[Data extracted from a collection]
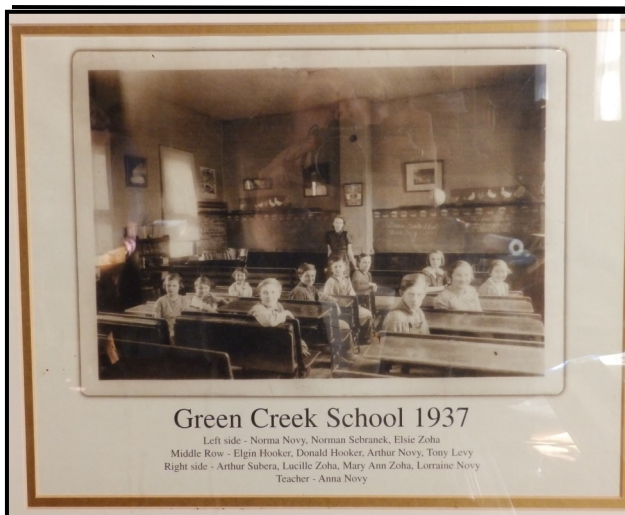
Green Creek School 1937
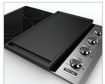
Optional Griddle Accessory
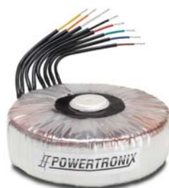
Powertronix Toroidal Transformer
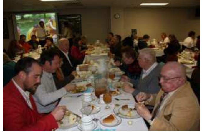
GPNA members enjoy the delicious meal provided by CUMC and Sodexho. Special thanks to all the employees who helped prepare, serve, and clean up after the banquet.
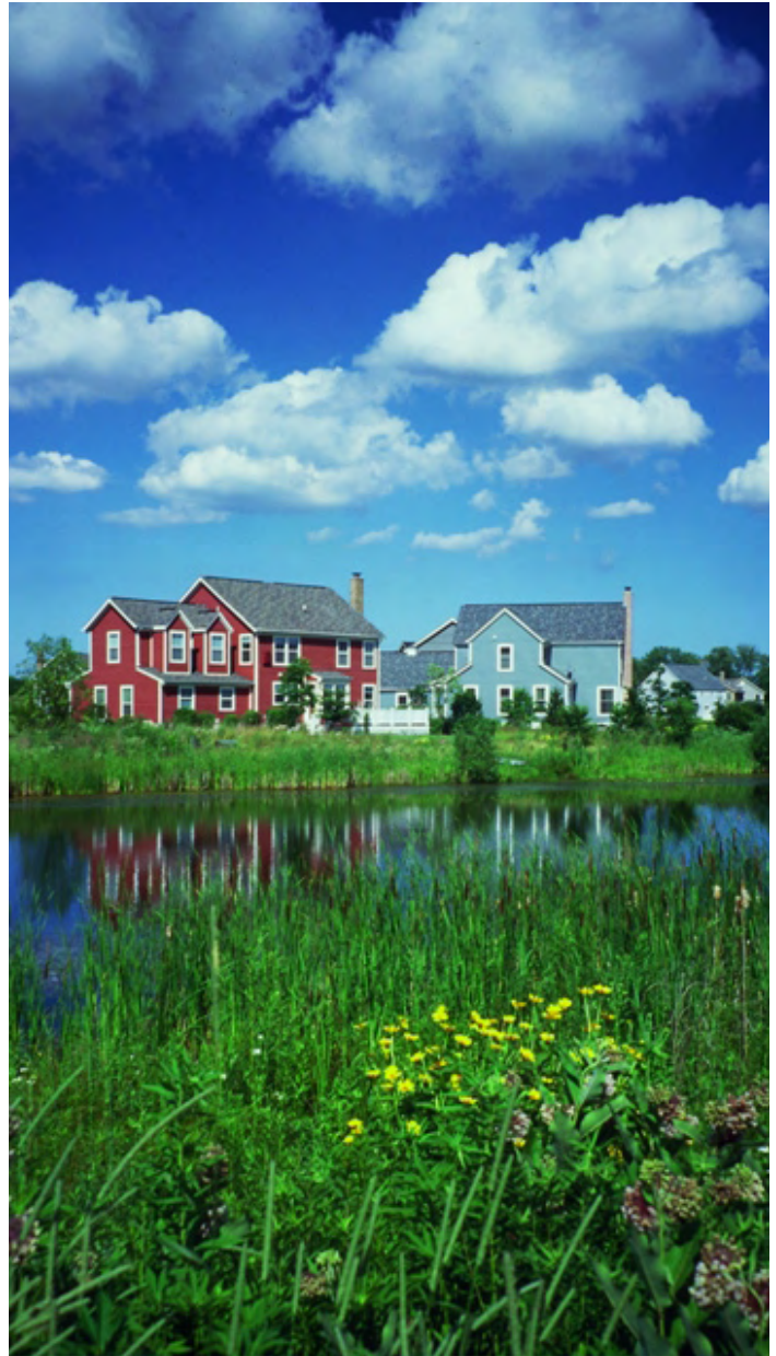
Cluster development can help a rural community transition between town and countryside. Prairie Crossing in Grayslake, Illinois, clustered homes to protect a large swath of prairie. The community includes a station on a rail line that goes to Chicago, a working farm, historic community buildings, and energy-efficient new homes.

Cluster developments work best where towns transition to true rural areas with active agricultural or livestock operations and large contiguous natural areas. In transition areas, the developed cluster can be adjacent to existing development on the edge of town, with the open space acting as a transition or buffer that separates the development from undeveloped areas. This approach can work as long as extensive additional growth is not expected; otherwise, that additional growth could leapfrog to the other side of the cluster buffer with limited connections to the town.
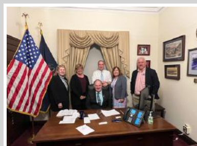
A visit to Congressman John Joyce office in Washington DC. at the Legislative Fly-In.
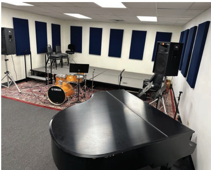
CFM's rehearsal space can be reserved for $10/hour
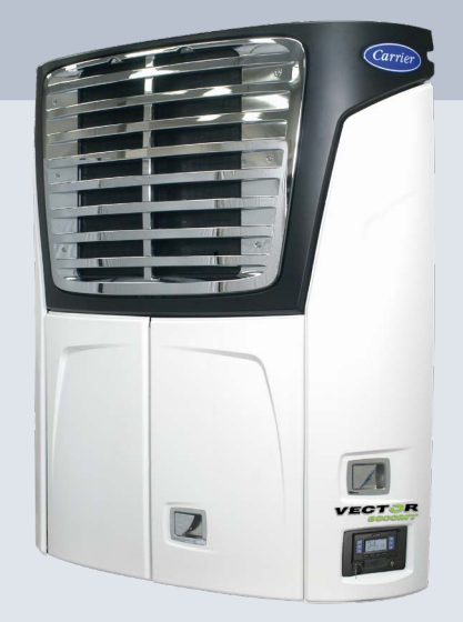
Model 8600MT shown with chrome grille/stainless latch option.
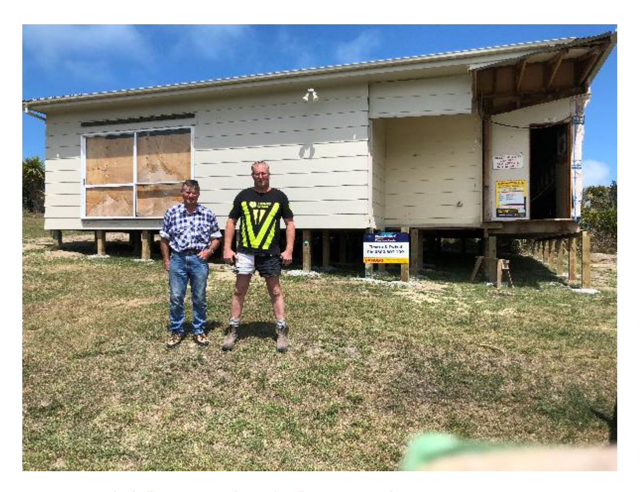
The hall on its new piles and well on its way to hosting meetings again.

---

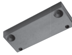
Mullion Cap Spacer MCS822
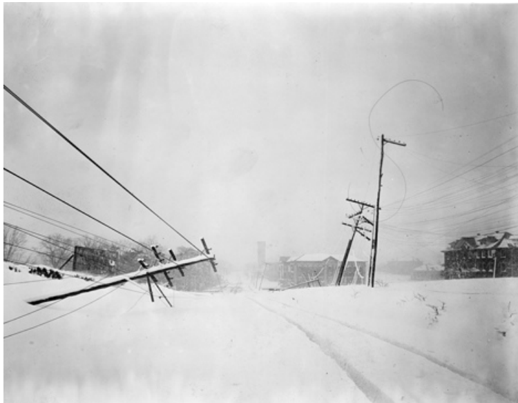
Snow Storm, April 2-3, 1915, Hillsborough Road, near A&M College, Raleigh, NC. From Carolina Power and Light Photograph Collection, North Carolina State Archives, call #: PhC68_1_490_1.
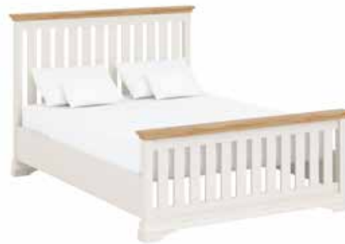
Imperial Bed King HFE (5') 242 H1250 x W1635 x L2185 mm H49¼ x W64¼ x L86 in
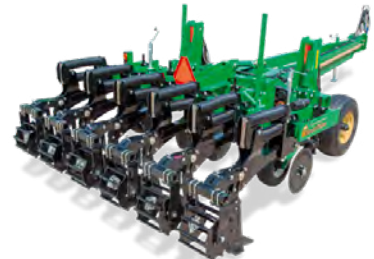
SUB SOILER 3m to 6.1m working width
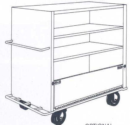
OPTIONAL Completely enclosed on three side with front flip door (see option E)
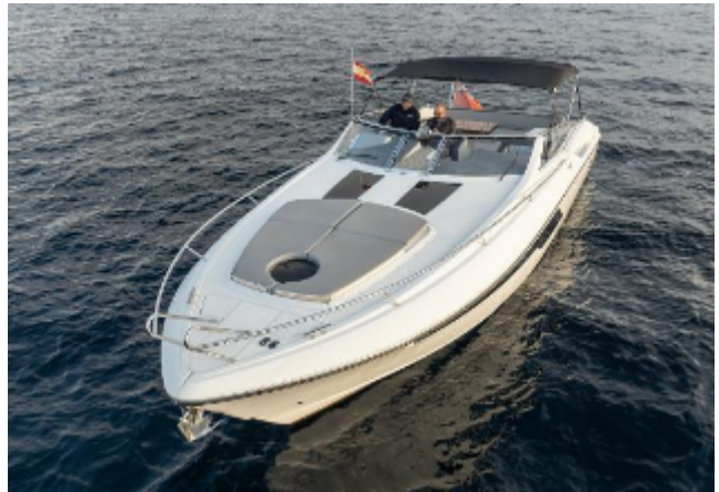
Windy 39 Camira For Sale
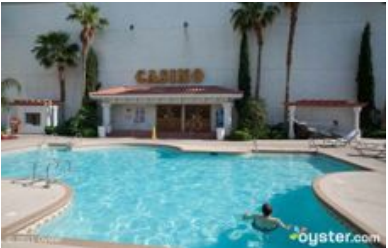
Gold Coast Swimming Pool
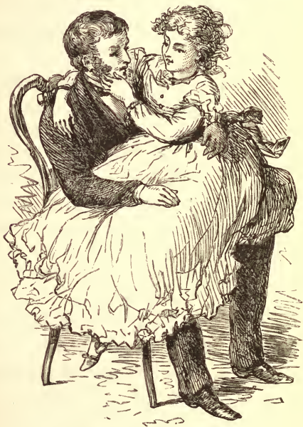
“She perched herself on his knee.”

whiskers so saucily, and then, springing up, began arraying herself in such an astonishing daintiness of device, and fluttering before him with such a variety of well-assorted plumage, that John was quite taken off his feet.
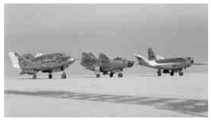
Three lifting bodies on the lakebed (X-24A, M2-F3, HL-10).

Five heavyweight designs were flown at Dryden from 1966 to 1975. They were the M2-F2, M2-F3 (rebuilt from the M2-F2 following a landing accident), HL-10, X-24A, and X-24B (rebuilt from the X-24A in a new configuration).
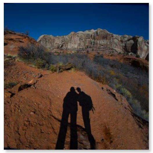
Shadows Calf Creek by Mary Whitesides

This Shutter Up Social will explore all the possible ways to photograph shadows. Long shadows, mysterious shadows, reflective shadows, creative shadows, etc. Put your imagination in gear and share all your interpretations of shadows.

...

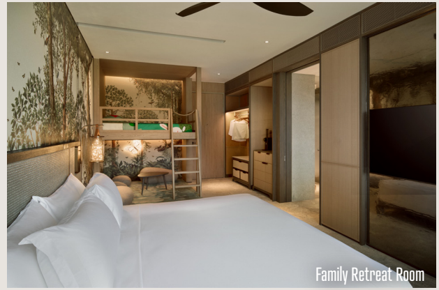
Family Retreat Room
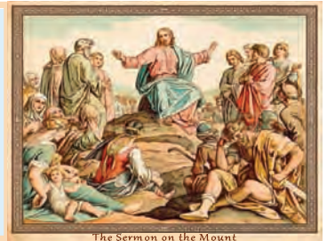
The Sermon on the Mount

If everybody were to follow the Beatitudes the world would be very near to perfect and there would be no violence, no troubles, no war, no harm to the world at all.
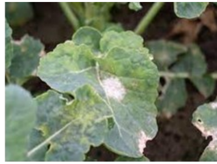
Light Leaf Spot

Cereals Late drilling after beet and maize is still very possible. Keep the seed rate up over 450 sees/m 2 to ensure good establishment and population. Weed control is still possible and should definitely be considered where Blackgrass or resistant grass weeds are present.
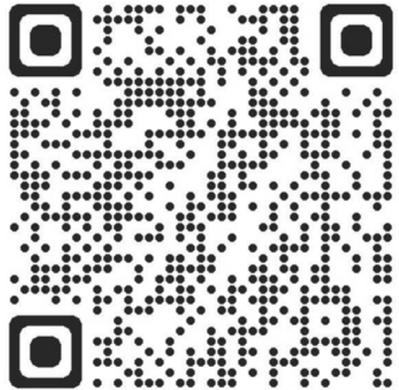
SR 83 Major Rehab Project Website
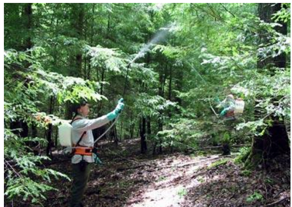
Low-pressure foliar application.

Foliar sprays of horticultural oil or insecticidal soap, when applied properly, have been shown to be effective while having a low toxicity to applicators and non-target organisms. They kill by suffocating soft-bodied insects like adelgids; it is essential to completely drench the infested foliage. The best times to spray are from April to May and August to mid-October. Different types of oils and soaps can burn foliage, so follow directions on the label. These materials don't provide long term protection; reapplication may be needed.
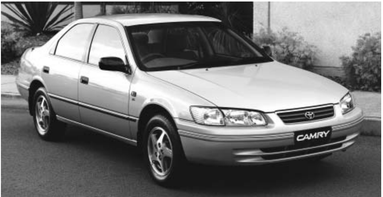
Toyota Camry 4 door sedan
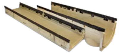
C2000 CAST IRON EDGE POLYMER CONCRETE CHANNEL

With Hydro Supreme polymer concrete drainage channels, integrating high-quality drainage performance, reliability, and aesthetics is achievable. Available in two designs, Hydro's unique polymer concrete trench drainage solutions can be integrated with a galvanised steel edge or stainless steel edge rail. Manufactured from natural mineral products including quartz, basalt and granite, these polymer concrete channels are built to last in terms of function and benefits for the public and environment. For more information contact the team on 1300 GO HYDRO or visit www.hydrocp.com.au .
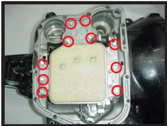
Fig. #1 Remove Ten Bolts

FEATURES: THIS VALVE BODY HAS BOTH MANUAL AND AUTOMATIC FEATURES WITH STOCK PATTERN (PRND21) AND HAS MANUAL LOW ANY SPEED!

| Required work |
What are the lines above from the one with "Optional Griddle Accessory" to the one with "The hall on", both included? Reproduce them exactly, without pictures.

| Response box |
Optional Griddle Accessory
Powertronix Toroidal Transformer
GPNA members enjoy the delicious meal provided by CUMC and Sodexho. Special thanks to all the employees who helped prepare, serve, and clean up after the banquet.
Cluster development can help a rural community transition between town and countryside. Prairie Crossing in Grayslake, Illinois, clustered homes to protect a large swath of prairie. The community includes a station on a rail line that goes to Chicago, a working farm, historic community buildings, and energy-efficient new homes.

Cluster developments work best where towns transition to true rural areas with active agricultural or livestock operations and large contiguous natural areas. In transition areas, the developed cluster can be adjacent to existing development on the edge of town, with the open space acting as a transition or buffer that separates the development from undeveloped areas. This approach can work as long as extensive additional growth is not expected; otherwise, that additional growth could leapfrog to the other side of the cluster buffer with limited connections to the town.
A visit to Congressman John Joyce office in Washington DC. at the Legislative Fly-In.
CFM's rehearsal space can be reserved for $10/hour
Model 8600MT shown with chrome grille/stainless latch option.
The hall on its new piles and well on its way to hosting meetings again.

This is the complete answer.